## Excerpted records
========================================================================

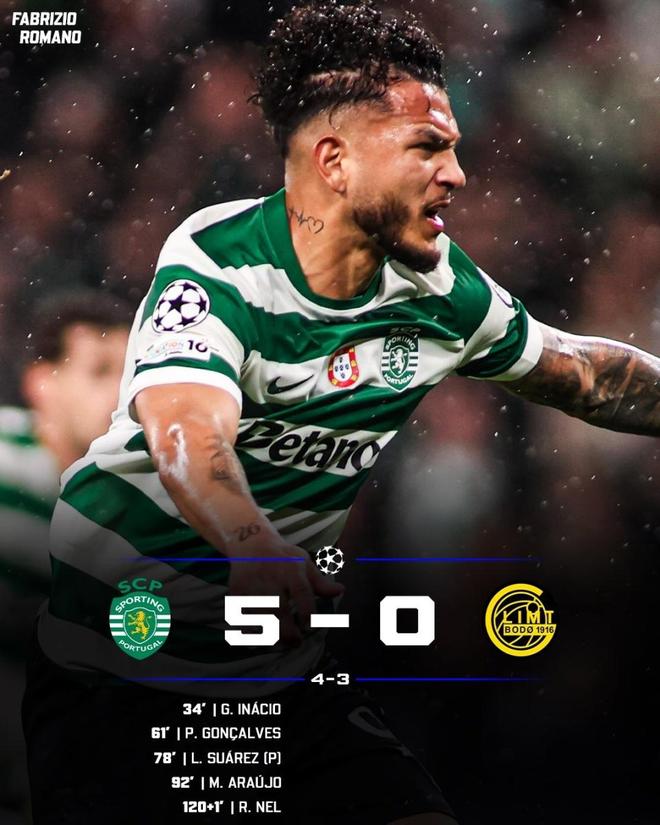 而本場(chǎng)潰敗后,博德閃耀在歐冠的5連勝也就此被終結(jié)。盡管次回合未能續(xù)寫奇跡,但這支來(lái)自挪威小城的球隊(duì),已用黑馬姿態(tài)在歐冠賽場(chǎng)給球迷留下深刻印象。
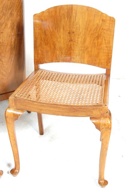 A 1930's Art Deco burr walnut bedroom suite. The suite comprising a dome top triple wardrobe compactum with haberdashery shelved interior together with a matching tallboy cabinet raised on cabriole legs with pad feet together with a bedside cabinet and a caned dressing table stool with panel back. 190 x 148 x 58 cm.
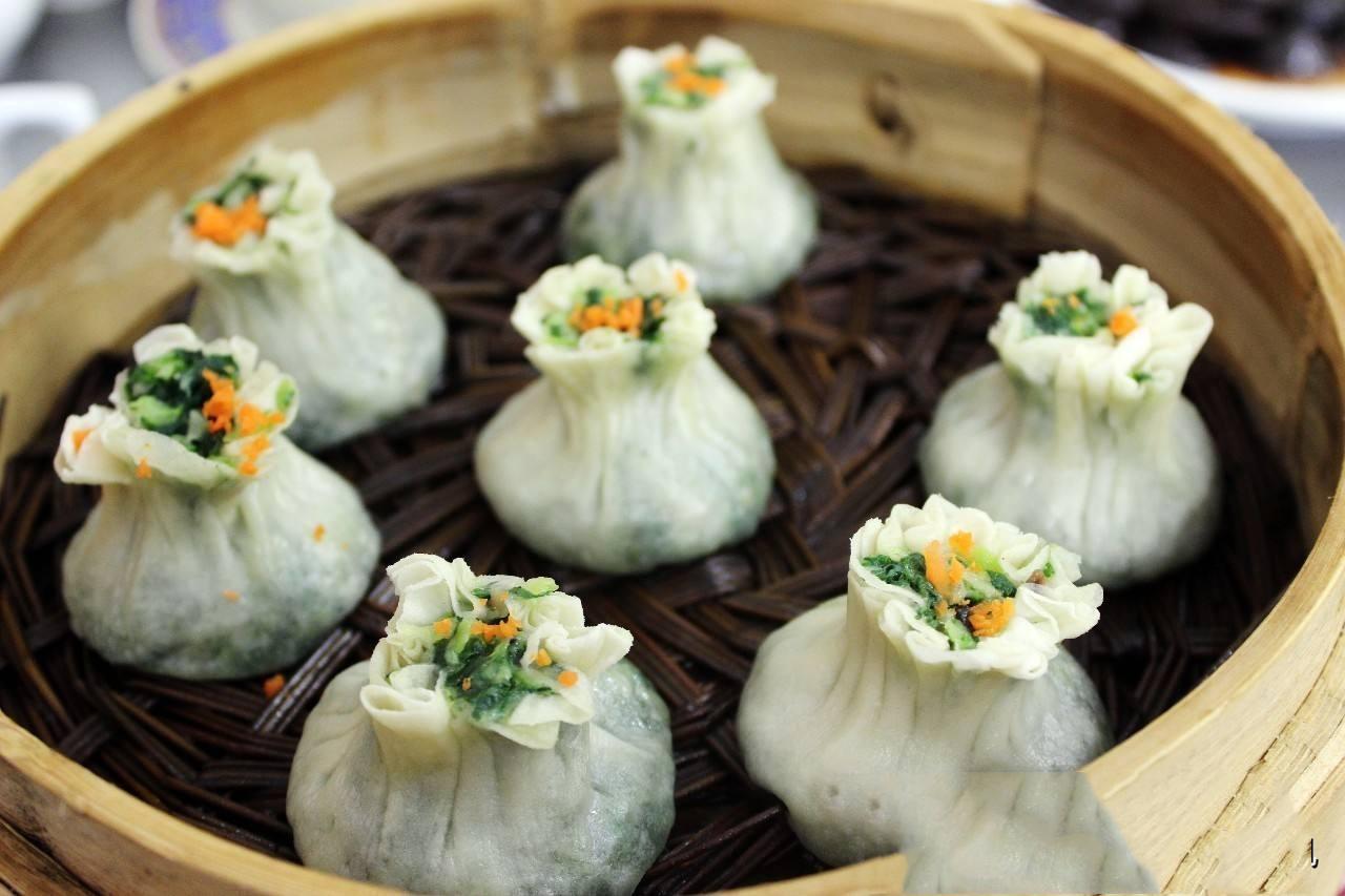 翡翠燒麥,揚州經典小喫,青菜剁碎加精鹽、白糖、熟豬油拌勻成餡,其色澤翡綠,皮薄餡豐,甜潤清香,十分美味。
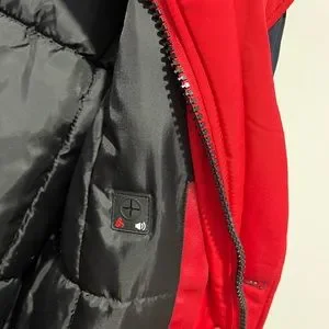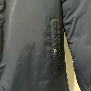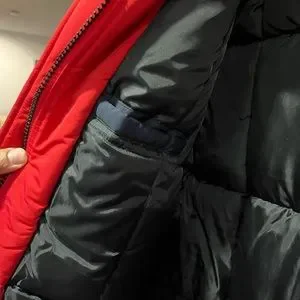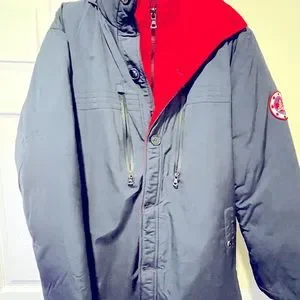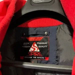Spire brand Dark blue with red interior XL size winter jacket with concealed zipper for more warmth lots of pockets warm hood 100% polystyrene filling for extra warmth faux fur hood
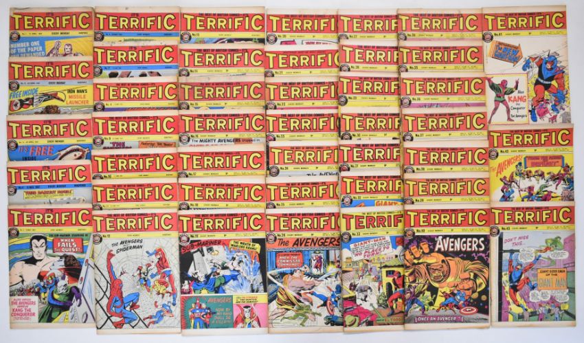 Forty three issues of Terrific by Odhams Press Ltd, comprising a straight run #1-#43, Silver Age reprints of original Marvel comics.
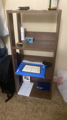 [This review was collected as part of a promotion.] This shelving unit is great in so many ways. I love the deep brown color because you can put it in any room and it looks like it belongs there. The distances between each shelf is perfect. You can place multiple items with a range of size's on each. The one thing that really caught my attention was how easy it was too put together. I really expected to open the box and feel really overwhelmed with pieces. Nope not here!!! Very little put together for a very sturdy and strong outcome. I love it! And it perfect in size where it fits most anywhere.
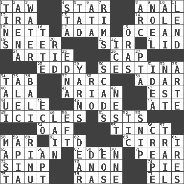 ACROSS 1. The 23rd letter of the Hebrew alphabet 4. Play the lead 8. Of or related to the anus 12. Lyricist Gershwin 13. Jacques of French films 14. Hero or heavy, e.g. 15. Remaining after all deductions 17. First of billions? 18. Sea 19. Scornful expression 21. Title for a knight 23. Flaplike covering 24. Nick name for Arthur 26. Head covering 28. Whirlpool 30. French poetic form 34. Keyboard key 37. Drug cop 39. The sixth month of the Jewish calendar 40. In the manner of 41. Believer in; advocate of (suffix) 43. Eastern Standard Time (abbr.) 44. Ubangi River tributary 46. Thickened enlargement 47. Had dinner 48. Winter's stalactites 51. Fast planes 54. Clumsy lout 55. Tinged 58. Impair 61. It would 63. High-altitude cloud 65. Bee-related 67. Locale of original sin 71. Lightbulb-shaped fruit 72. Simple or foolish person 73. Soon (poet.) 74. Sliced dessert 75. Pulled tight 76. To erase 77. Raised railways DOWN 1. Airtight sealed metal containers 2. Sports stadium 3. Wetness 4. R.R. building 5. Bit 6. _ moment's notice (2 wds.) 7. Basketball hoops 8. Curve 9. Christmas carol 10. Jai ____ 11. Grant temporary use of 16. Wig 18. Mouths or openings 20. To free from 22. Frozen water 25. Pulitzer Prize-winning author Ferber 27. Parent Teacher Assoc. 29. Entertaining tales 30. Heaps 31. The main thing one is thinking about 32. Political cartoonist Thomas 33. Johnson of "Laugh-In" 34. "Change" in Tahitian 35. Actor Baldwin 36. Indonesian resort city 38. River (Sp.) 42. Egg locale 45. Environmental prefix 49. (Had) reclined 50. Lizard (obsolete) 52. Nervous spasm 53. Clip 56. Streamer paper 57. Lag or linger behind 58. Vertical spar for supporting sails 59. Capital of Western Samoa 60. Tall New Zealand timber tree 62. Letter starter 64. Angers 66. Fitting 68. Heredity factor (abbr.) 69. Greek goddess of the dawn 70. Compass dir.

========================================================================

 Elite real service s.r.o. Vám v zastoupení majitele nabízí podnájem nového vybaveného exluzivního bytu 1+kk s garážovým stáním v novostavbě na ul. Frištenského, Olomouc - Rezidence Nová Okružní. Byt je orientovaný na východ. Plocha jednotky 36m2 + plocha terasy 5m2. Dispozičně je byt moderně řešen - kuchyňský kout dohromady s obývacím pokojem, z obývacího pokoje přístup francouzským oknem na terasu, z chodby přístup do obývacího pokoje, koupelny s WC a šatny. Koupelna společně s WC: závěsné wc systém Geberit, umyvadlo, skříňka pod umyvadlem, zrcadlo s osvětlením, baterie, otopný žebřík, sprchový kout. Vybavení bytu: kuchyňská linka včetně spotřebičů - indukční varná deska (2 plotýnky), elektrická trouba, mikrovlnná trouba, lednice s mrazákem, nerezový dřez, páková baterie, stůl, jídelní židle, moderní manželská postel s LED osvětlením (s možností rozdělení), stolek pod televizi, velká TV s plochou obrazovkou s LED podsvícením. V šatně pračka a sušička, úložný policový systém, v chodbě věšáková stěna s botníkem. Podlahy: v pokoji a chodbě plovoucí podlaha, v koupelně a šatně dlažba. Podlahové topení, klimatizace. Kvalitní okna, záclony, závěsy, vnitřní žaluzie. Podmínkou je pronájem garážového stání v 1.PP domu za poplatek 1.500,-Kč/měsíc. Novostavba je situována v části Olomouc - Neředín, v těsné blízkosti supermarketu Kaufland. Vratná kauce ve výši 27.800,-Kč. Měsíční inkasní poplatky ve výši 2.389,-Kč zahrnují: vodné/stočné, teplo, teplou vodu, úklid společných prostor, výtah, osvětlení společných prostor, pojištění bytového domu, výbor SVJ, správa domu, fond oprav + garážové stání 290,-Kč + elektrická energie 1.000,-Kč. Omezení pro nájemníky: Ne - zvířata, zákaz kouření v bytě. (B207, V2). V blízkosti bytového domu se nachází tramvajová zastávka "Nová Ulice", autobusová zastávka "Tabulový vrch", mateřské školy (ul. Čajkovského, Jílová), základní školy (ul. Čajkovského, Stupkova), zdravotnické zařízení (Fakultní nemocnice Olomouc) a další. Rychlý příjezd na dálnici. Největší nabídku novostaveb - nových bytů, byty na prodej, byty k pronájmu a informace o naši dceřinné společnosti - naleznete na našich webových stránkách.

========================================================================

What you write must match the listing exactly, from the line with "Forty three issues" up to and including the line with "[This review was". Pictures stay out.

## Answer to this exercise
 Forty three issues of Terrific by Odhams Press Ltd, comprising a straight run #1-#43, Silver Age reprints of original Marvel comics.
 [This review was collected as part of a promotion.] This shelving unit is great in so many ways. I love the deep brown color because you can put it in any room and it looks like it belongs there. The distances between each shelf is perfect. You can place multiple items with a range of size's on each. The one thing that really caught my attention was how easy it was too put together. I really expected to open the box and feel really overwhelmed with pieces. Nope not here!!! Very little put together for a very sturdy and strong outcome. I love it! And it perfect in size where it fits most anywhere.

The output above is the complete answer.